With respect to Web applications, you can use a baseline to determine whether performance is improving or declining and to find deviations across different builds and versions. For example, you could measure load time, the number of transactions processed per unit of time, the number of Web pages served per unit of time, and resource utilization such as memory usage and processor usage. Some considerations about using baselines include:
A baseline can be created for a system, component, or application. A baseline can also be created for different layers of the application, including a database, Web services, and so on.
A baseline can set the standard for comparison, to track future optimizations or regressions. It is important to validate that the baseline results are repeatable, because considerable fluctuations may occur across test results due to environment and workload characteristics.
Baselines can help identify changes in performance. Baselines can help product teams identify changes in performance that reflect degradation or optimization over the course of the development life cycle. Identifying these changes in comparison to a well-known state or configuration often makes resolving performance issues simpler.
Baselines assets should be reusable. Baselines are most valuable if they are created by using a set of reusable test assets. It is important that such tests accurately simulate repeatable and actionable workload characteristics.
Baselines are metrics. Baseline results can be articulated by using a broad set of key performance indicators, including response time, processor capacity, memory usage, disk capacity, and network bandwidth.
Baselines act as a shared frame of reference. Sharing baseline results allows your team to build a common store of acquired knowledge about the performance characteristics of an application or component.
Avoid over-generalizing your baselines. If your project entails a major reengineering of the application, you need to reestablish the baseline for testing that application. A baseline is application-specific and is most useful for comparing performance across different versions. Sometimes, subsequent versions of an application are so different that previous baselines are no longer valid for comparisons.
Know your application’s behavior. It is a good idea to ensure that you completely understand the behavior of the application at the time a baseline is created. Failure to do so before making changes to the system with a focus on optimization objectives is frequently counterproductive.
Baselines evolve. At times you will have to redefine your baseline because of changes that have been made to the system since the time the baseline was initially captured.

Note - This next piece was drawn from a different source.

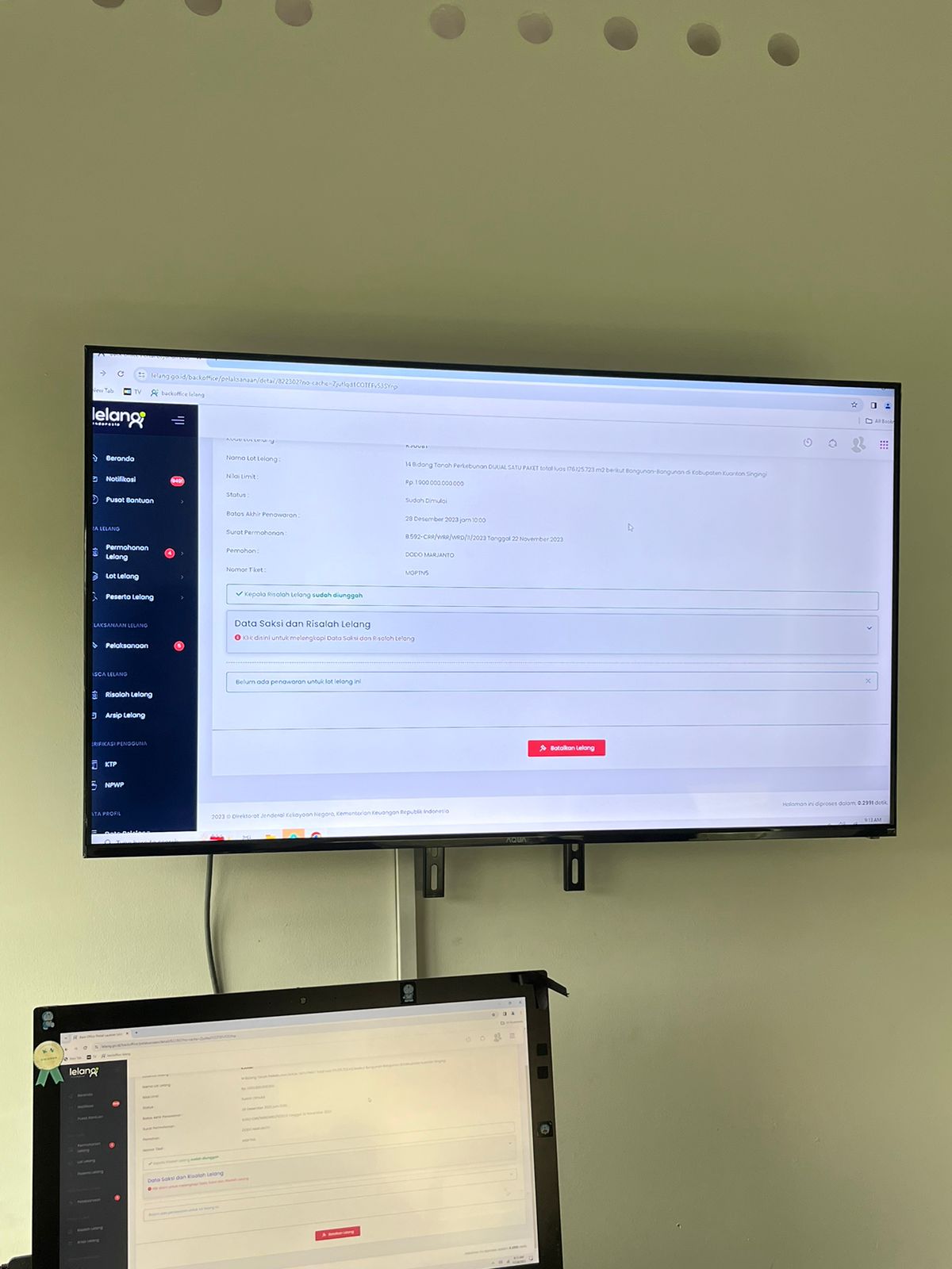 Pekanbaru – Kantor Pelayanan Kekayaan Negara dan Lelang (KPKNL) Pekanbaru berhasil melelang 14 bidang tanah perkebunan yang ditawarkan dalam satu paket dengan total luas tanah lebih dari 176 juta m2 senilai Rp1,9 triliun pada Kamis (28/12) di Pekanbaru. Dipimpin Pelelang Erwin Cahyono dan dihadiri oleh Penjual dari Kantor Pusat Bank BRI, satu paket tanah kebun ini ditawarkan dengan cara penawaran open bidding melalui Portal Lelang Indonesia lelang.go.id.

Benchmarking is the process of comparing your system’s performance against a baseline that you have created internally or against an industry standard. In the case of a Web application, you would run a set of tests that comply with the specifications of an industry benchmark in order to capture the performance metrics necessary to determine your application’s benchmark score. You can then compare your application against other systems or applications that also calculated their score for the same benchmark. You may choose to tune your application performance to achieve or surpass a certain benchmark score. Some considerations about benchmarking include:
You need to play by the rules. A benchmark is achieved by working with industry specifications or by porting an existing implementation to meet such standards. Benchmarking entails identifying all of the necessary components that will run together, the market where the product exists, and the specific metrics to be measured.
Because you play by the rules, you can be transparent. Benchmarking results can be published to the outside world. Since comparisons may be produced by your competitors, you will want to employ a strict set of standard approaches for testing and data to ensure reliable results.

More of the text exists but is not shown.